David Siegel  is an American producer, songwriter and musician based in Miami, FL.  He is best known for co-writing Escape recorded by Enrique Iglesias in 2002, as well as co-writing a three-times certified platinum song by the RIAA. Whatever You Like recorded by T.I. in 2008, which remained #1 in the Billboard Hot 100 for seven non-consecutive weeks.

Siegel placed #3 in the Top Ten Songwriters Chart listed in Billboard Magazine's First Publishers Quarterly Edition issued in May 2009.

He has songs written with writers/artists/producers such as Beyonce, Kara DioGuardia, Christina Aguilera, Cathy Dennis, Shelly Peiken, Linda Perry, Shepp Soloman, Rico Love, Jim Jonsin, Mutt Lang, Rico Beats, Ron Fair, Steve Morales, Bilewa Mohammed, and Mike Caren.

He is the only writer/producer whose repertoire spans from pop divas such as Celine Dion, Christina Aguilera, and Jessica Simpson, rap artists like Pusha T, T.I., and Soulja Boy, several prominent Latin American crossover artists, to notable jazz artists like Kurt Elling and Arturo Sandoval.

Awards
2010 – BMI Pop Award for Whatever You Like recorded by T.I.
2009 – BMI Urban Award for Whatever You Like recorded by T.I.
2005 – BMI Latin Award for Cerca de Ti/Closer To You recorded by Thalía.
2003 – BMI Latin Award, and BMI Pop Award for Escape recorded by Enrique Iglesias.

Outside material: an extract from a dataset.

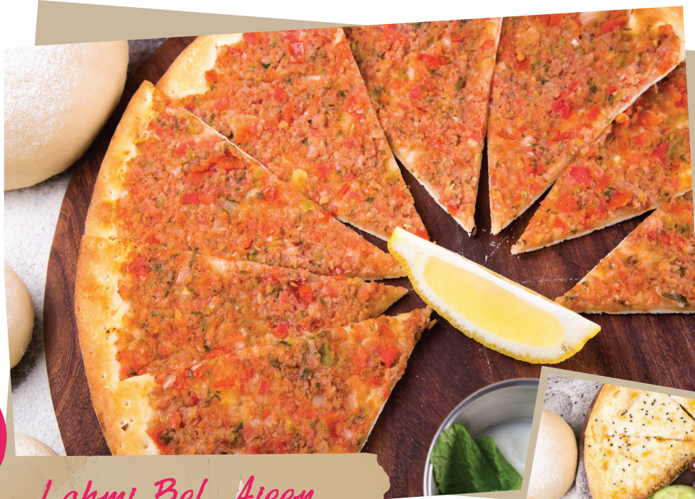
Lahmi Bel Ajeen
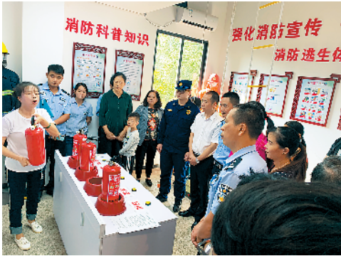
↑讲解员为居民现场讲解如何使用灭火器

Discography and song credits
Krystal Poppin (2021) - Composer/Producer/Keyboards
"Ain't No Stoppin'"
CNCO - CNCO (2018) - Composer/Keyboards
”Estoy Enamorado De Ti”
Lauren Mayhew - Reload the Summer (2016) - Composer
"Wake Up"
Jean Caze - Amédé (2015) - Keyboards
Arturo Sandoval - Live at Yoshi's (2015) - Keyboards
Elliott Yamin - As Time Goes By (2015) - Composer, Keyboards
"Magnetic"
"In My Dreams"
Miss A - Colors (2015) - Composer, Keyboards
"Melting"
Kurt Elling - Passion World (2015) - Pianist
"Bonita Cuba"
Mod Sun - Look Up (2014) - Composer, Keyboards
"Look Up"
Pusha T (2012) – Composer, Keyboards
"Exodus 23:1"
OV7 – A Tu Lado (2013) – Composer
"A Tu Lado"
Paty Cantú – Corazón Bipolar (2012) – Composer
"Silencios Que Salvan"
"El Sexo Y El Amor"
Mod Sun/The Ready Set (2011) – Composer, Producer, Keyboards
"All Night, Every Night"
Mod Sun – In MOD We Trust (2011) – Composer, Producer, Keyboards
"Paradisity"
"No Girlfriend (Milyun)"
"Need That"
"Time to Celebrate"
"Undressing America"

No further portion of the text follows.